O nome nasce do monte. Mas a degradação é tão notória que, não sendo alvo de intervenção, não irá demorar muito tempo até que a destruição total seja consumada. Ainda assim, entre ruínas, lixo e silêncio, persiste uma estranha beleza.
Ainda é possível lá chegar e estacionar na entrada. Porém, com a intempérie deste inverno - havia árvores caídas sobre as paredes -, e a continuação da degradação do lugar, o acesso, mesmo de moto, vai ser cada vez mais difícil.
Há sítios onde o tempo não se limita a passar, permanece como memória e como alerta.
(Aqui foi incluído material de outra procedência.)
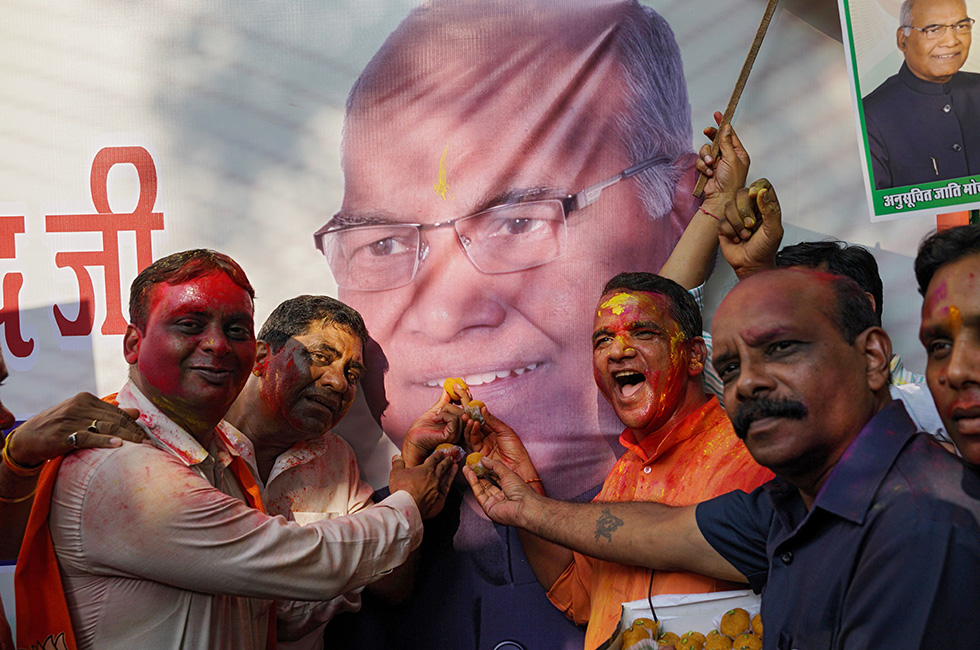 Festeggiamenti per la vittoria del secondo presidente dalit nella storia dell’India, Ram Nath Kovind, Nuova Delhi, luglio 2017. (CHANDAN KHANNA/AFP/Getty Images)
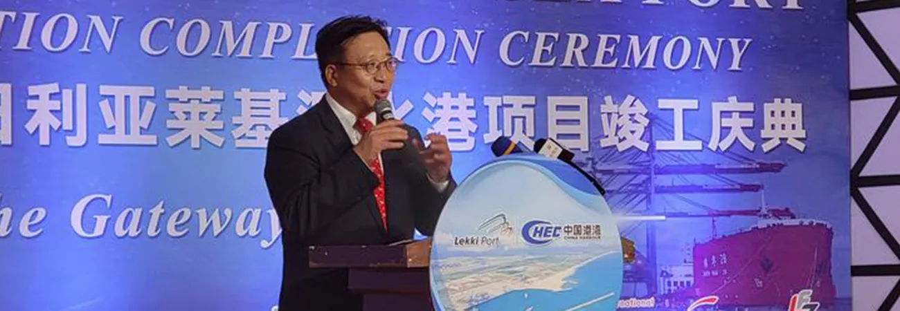 نائیجیریا کے لاگوس میں چین کے سفیر چھوئی جیان چھون لیکی گہرے سمندر کی بندرگاہ کی حوالگی کی تقریب کے موقع پر خطاب کر رہے ہیں۔(شِنہوا)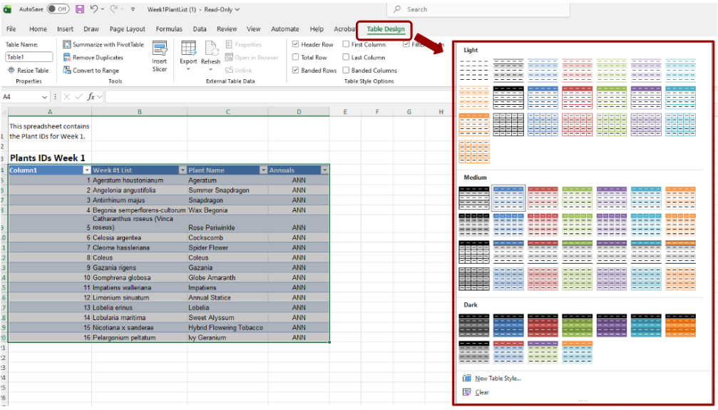 Note: You can choose a table style and specify headings from the Table Design tab after creating the table.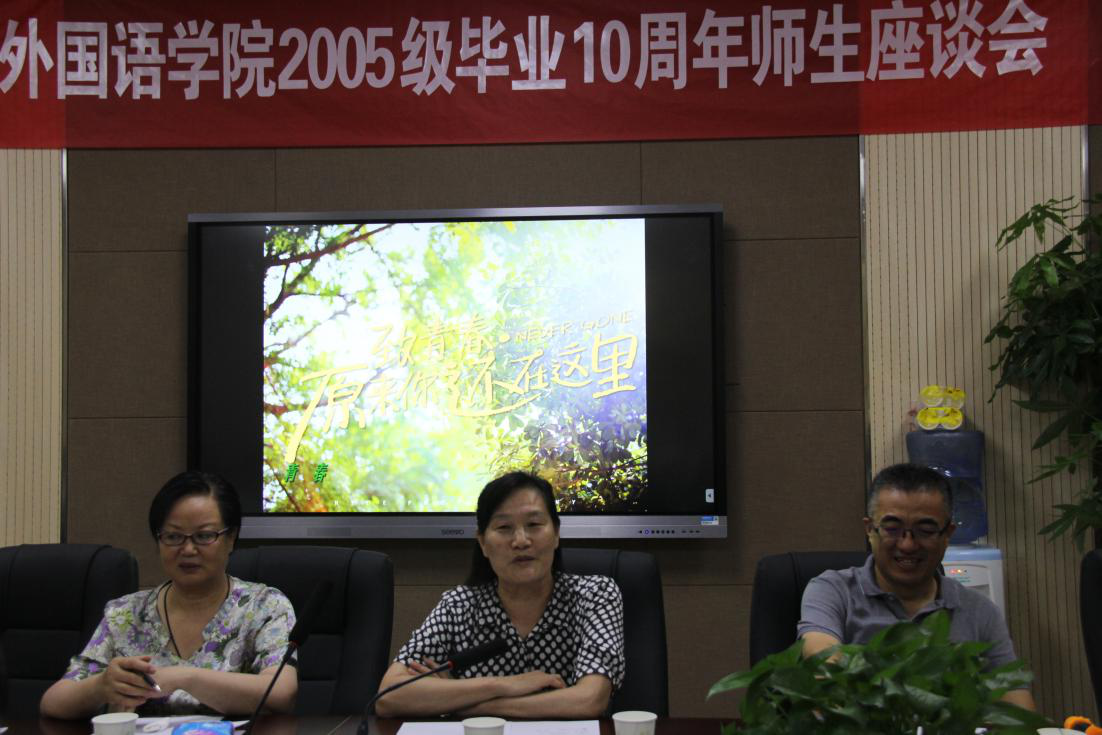 本网讯(审稿:李沛 供稿:张丹丹)7月27日下午,外国语学院在龙子湖校区繁塔楼A320会议室成功召开了“青春不散场,再叙师生情”2005级学生毕业10周年座谈会。校国际合作处处长屠克教授、校就业指导中心主任贾磊、院长李喜芬教授携时任和现任学院党政领导班子成员、团委辅导员热情接待了2005级35名校友代表重返母校,畅谈十年变迁,共叙师生情谊。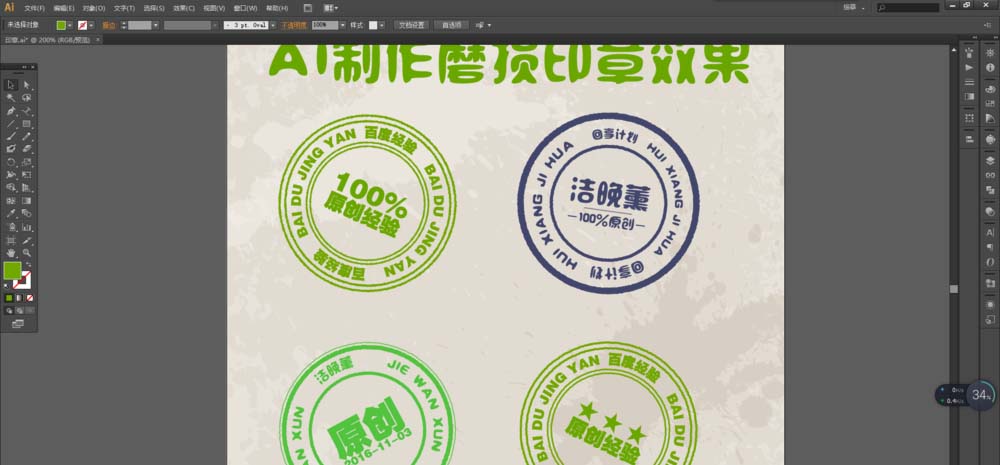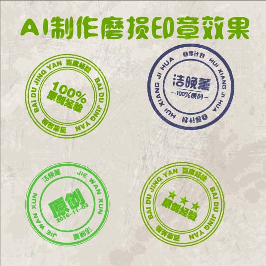 5、右键编组并复制3个,改动文字以及图章轮廓,完成其他3个图章制作。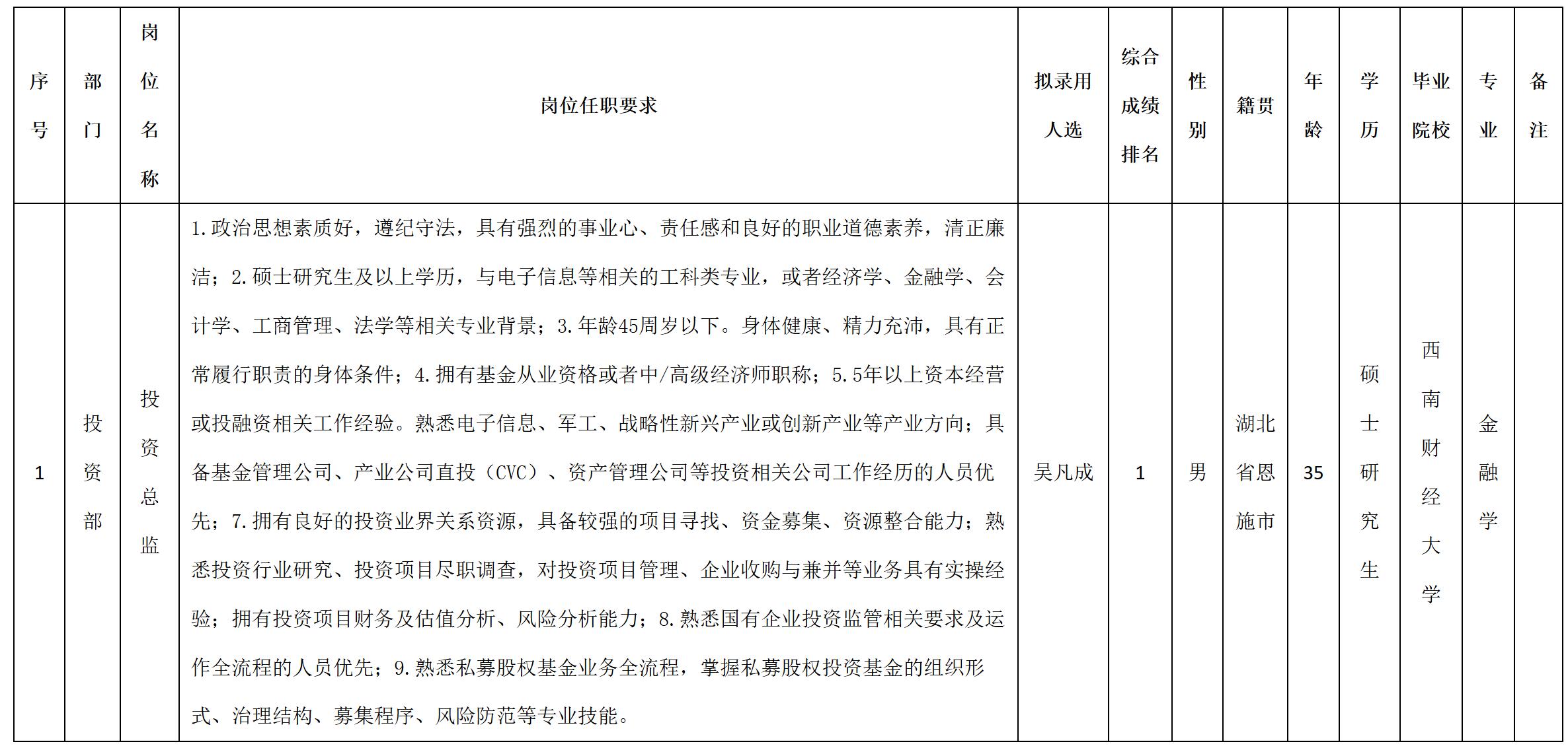 根據(jù)四川九洲君合私募基金管理有限公司發(fā)布的招聘公告及招聘相關規(guī)定,經筆試、面試、考察、體檢等程序,擬錄用吳凡成同志到四川九洲君合私募基金管理有限公司工作,現(xiàn)予以公示,具體情況如下: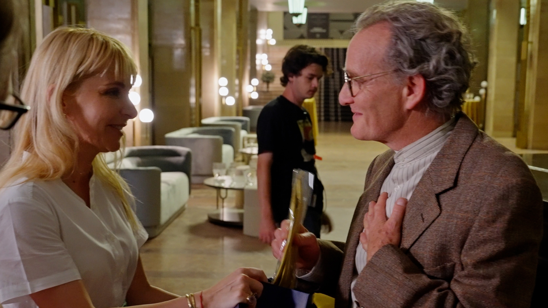 Adela Vrînceanu Celebidachi - Da, am avut suportul Centrului Naţional al Cinematografiei, apoi al mediului privat şi am primit şi susţinerea Oficiului de Film şi Investiţii Cultural. Filmările s-au derulat când Ministerul Culturii era condus de Raluca Turcan, care ne-a ajutat foarte mult cu producţia. Este un proiect în care mediul privat a dat mâna cu autorităţile române, ceea ce nu poate decât să ne bucure. Putem face lucruri frumoase când ne unim forţele.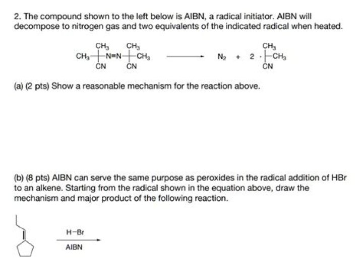 2. Example of a radical reaction that can be initiated by AIBN is the anti-Markovnikov hydrohalogenation of alkenes. AIBN is safer to use than benzoyl peroxide (another radical initiator) because the risk of explosion is far less.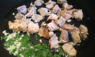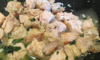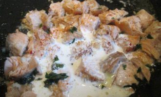 • В кипящую подсоленную воду кладем пенне и отвариваем 10 минут до состояния аль денте. А пока варятся макароны, готовим лосося: нарезаем его мелкими кусочками и обжариваем на оливковом масле, добавляем измельченный чеснок, петрушку, соль.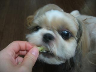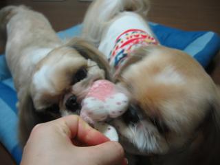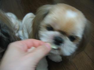 いつもお散歩に行く前に、もこみくはおやつを少し食べるので、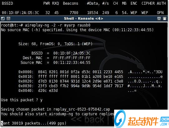 其中“targetnet”表示破解目标网络名,00:1A:01:8D:C3:B2前面已解释过是指目标MAC物理地址,00:A1:C1:D8:A5:B6表示本机网卡MAC物理地址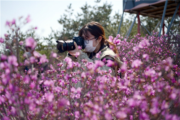 4月15日上午,龙井犇福牧场正式开园。金达莱花开得特别热闹,像一片片粉红的云霞。游客穿梭其间,赏花、拍照,非常开心。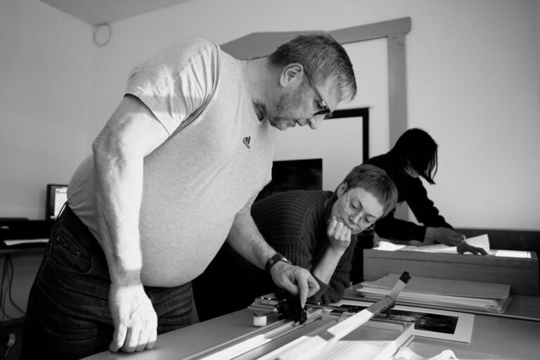 Kuvien valinta ja viimeistely on aina kiinnostava vaihe. Pöydän ääressä kuvia katsotaan monin eri tavoin. Joku kiinnittää huomiota valoon ja sommitteluun, toinen tunnelmaan ja tarinaan, kolmas tekniseen laatuun. Keskustelu on osa tekemistä – ja usein juuri se auttaa näkemään omat kuvat uudesta kulmasta. Kun vedos lopulta asettuu paspartuuriin ja näyttää “valmiilta”, tulee onnistumisen tunne.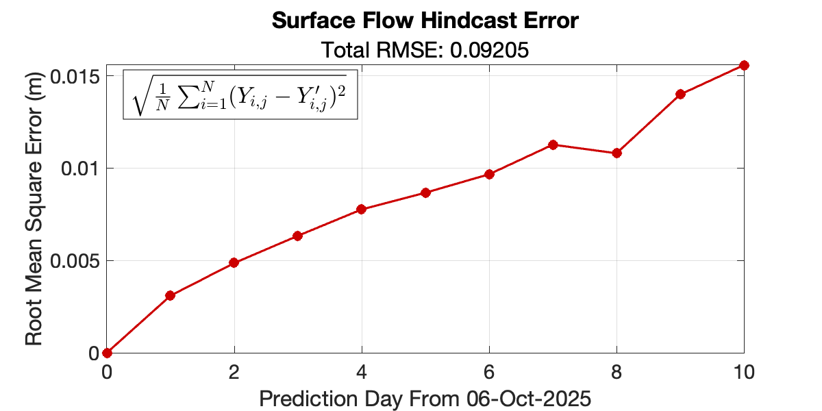 Predictions of ocean surface flow are generated using an Echo State Network (ESN). The ESN predicts Sea Level Anomaly (SLA), which is converted to surface flow. The hindcast data below can be used to determine the prediction skill. The forecast data below can be used to optimize future control strategies. See available plots in the list below.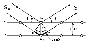 де θ — кут ковзання, λ — довжина хвилі, n — ціле число, яке називається порядком дифракції. Ця ж формула справедлива для розсіювання хвиль на кристалі кубічної сингонії.
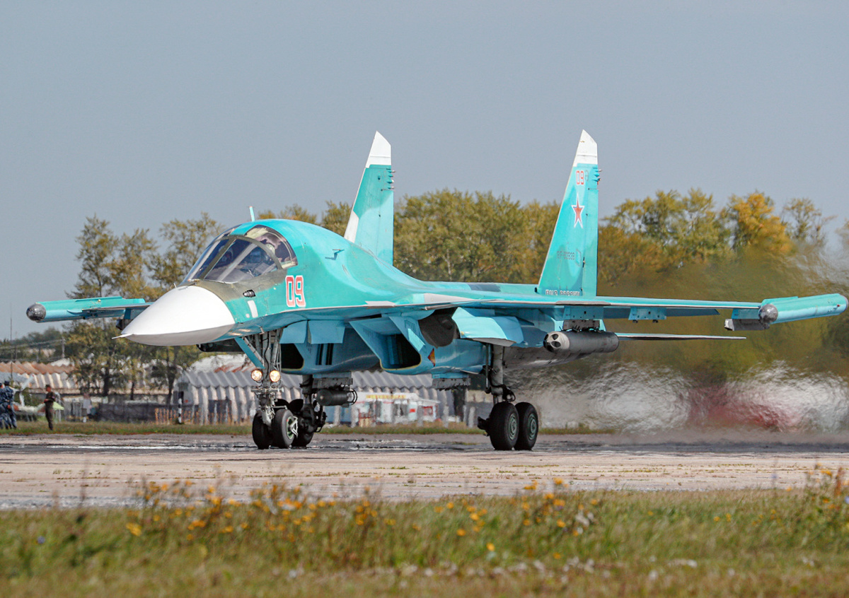 Уточняется, что бомбардировщики предназначены для поражения целей в воздухе, на земле и воде. Кроме того, Су-34 способны работать днем и ночью в любых метеорологических условиях. Помимо этого, самолеты оснащены неуправляемыми и управляемыми авиационными средствами поражения.
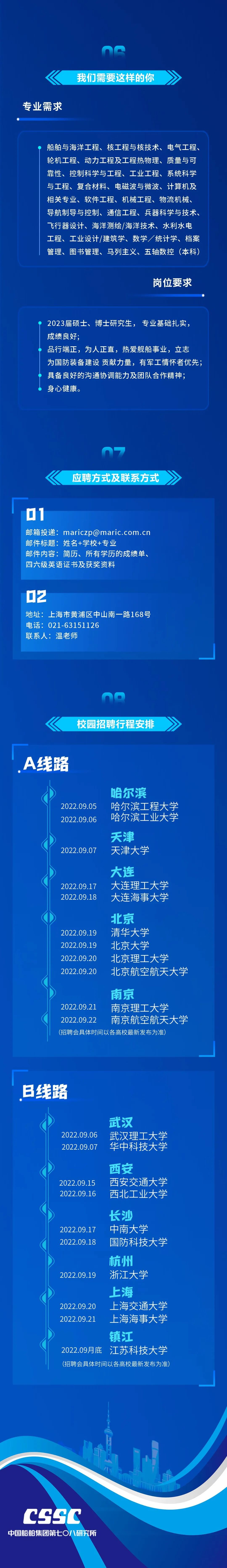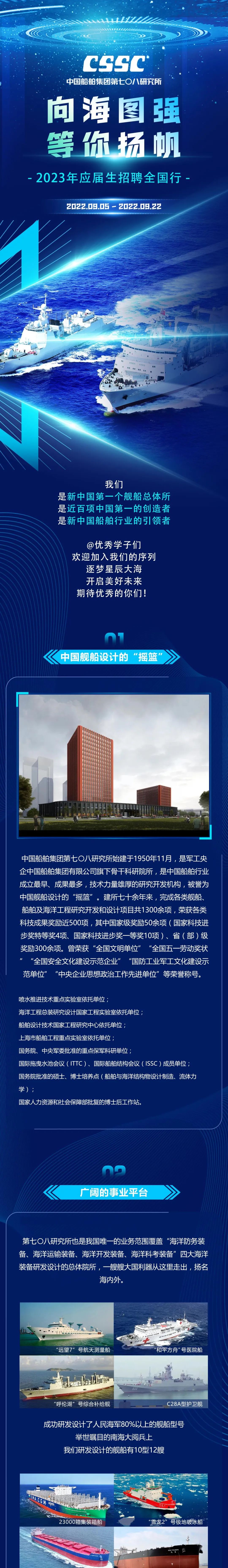 中国船舶七〇八所2023年应届生招聘行程出炉!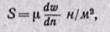 где w — средняя скорость жидкости, м/сек; d — диаметр круглой трубы, м; v — коэффициент кинематической вязкости жидкости, м2/сек. Для канала произвольного сечения вводится понятие эквивалентного диаметра dэкв (см. § 27-1), который и подставляется в выражение для критерия Re. Подставляя размерности отдельных величин в критерий Re, легко убедиться, что он является величиной безразмерной. До значений Re = 2300 поток жидкости в трубе остается ламинарным, при больших значениях Re поток переходит в турбулентный. Ламинарный поток является устойчивым только в докритической области (до Re — 2300). При некоторых специальных мерах предосторожности ламинарное движение можно наблюдать при числах Re, значительно превышающих критическое. Однако такой режим движения является неустойчивым и при малейшем возмущении потока переходит в турбулентный. Характер движения жидкости влияет на интенсивность передачи тепла. При ламинарном режиме и отсутствии естественной конвекции тепло в перпендикулярном к стенке направлении передается только теплопроводностью. Количество этой теплоты зависит от физических свойств жидкости, геометрических размеров, формы поверхности канала и почти не зависит от скорости. При турбулентном движении жидкости перенос теплоты наряду с теплопроводностью осуществляется перпендикулярным к поверхности канала перемещением частиц. Физические свойства жидкостей В качестве жидких теплоносителей в технике применяют различные вещества: воздух, воду, газы, масло, нефть, спирт, ртуть, расплавленные металлы и многие другие. В зависимости от физических свойств этих веществ процессы теплоотдачи протекают различно. Большое влияние на теплообмен оказывают следующие физические параметры: коэффициент теплопроводности λ, удельная теплоемкость с, плотность р, коэффициент температуропроводности а и коэффициент динамической вязкости ц. Эти параметры для каждого вещества имеют определенные значения и являются функцией температуры, а некоторые из них и давления. Величины Я, с, а и р уже рассматривались в предыдущих параграфах. В исследованиях конвективного теплообмена большое значение имеет также вязкость. Все реальные жидкости обладают вязкостью; между частицами или слоями, движущимися с различными скоростями, всегда возникает сила внутреннего трения (касательное усилие), ускоряющая движение более медленного слоя и тормозящая движение более быстрого. Величина силы трения 5 между слоями, отнесенная к единице поверхности, согласно закону Ньютона, пропорциональна градиенту скорости dw/dn по нормали к направлению движения потока. Следовательно,

A 5.ª Bateria das Raposeiras, erguida entre finais do século 19 e início de 20, no alto da Trafaria, é um desses lugares suspensos entre o esquecimento e a quietude.
Integrada no sistema defensivo do Campo Entrincheirado de Lisboa, fazia parte do conjunto de baterias costeiras destinadas a proteger a barra do Tejo e a entrada marítima da capital, cruzando fogo com o Forte do Bom Sucesso, em Belém.
Também conhecida como Bateria Infante D. Manuel, ocupava um lugar estratégico no monte da Raposeira, dominando a paisagem entre o Tejo e o Atlântico, apoiando ainda a defesa do Bugio e da frente atlântica da Caparica.
O complexo militar articulava-se com o Forte da Trafaria, o reduto da Alpena - para visitar um dia destes -, e uma antiga estrada militar construída em 1890, formando uma rede defensiva que vigiava o horizonte marítimo de Lisboa.
Hoje, sobrevivem as três imponentes peças Krupp de 150 mm, fundidas em Essen, Alemanha, entre 1904 e 1907. Cada canhão, com quase oito toneladas, disparava projéteis de mais de quarenta quilos a dezenas de quilómetros de distância.
Exigia uma equipa de nove homens para alimentar o ritmo metálico da artilharia. São agora peças mudas apontados para uma paisagem sobre a Trafaria, outrora estância balnear frequentada pela rainha D. Amélia.
Entre muralhas de defesa e ecos de treinos, a bateria foi também território de inovação tecnológica e de modernidade. Foi neste lugar que se realizaram algumas das primeiras experiências de telegrafia sem fios em Portugal.
Hoje, o cenário é de abandono e degradação contínua. Desde a desocupação militar, iniciada nos anos 1980 e concluída definitivamente na década de 1990, as construções foram entregues ao tempo e ao vandalismo.
Muitos dos subterrâneos permanecem ocultos sob a vegetação, os edifícios deterioram-se lentamente, e os graffitis cobrem paredes onde outrora ecoavam ordens militares e exercícios de tiro que faziam estremecer as janelas da Trafaria.
A 5.ª Bateria das Raposeiras continua a guardar a memória da defesa de Lisboa, da engenharia militar oitocentista e dos primeiros passos das telecomunicações portuguesas. É um lugar de património esquecido, de onde, porém, a paisagem ímpar apaixona.
A panorâmica, hoje algo oculta pelo crescimento selvagem da vegetação, é um dos aspectos mais atraentes do sítio. Outro, é o silêncio que acompanha o olhar sobre a porta do Tejo.